Problem statement
Retype the data that follows exactly. No pictures belong in the copy.

Given material
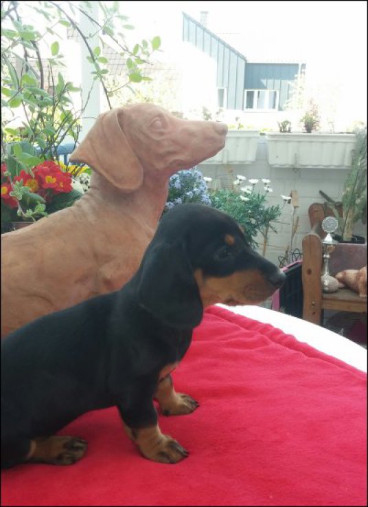 Unsere Welpen sind jetzt 7 Wochen alt und können ab nächste Woche in ihr neues Zuhause einziehen. Inzwischen haben wir auch Namen für die Kleinen ausgesucht , die Hündin heißt Aurora und die Rüden Ares, Agilo und Achill.
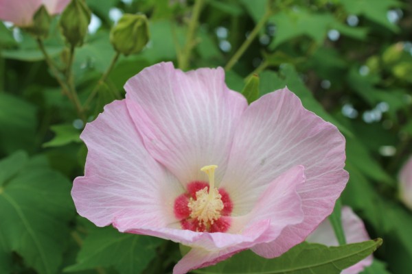 花弁の中心が赤い。確か白花は全体が白ではなかった?これが酔芙蓉(すいふよう)?
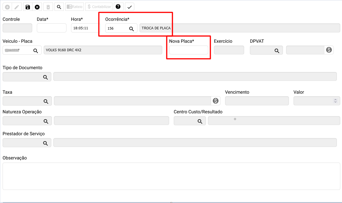 Para realizar a alteração do medidor acesse o módulo abaixo:Gestão de Frota >> Manutenção >> Apontamento de Manutenção Informe a Ocorrência

Answer to the exercise
 Unsere Welpen sind jetzt 7 Wochen alt und können ab nächste Woche in ihr neues Zuhause einziehen. Inzwischen haben wir auch Namen für die Kleinen ausgesucht , die Hündin heißt Aurora und die Rüden Ares, Agilo und Achill.
 花弁の中心が赤い。確か白花は全体が白ではなかった?これが酔芙蓉(すいふよう)?
 Para realizar a alteração do medidor acesse o módulo abaixo:Gestão de Frota >> Manutenção >> Apontamento de Manutenção Informe a Ocorrência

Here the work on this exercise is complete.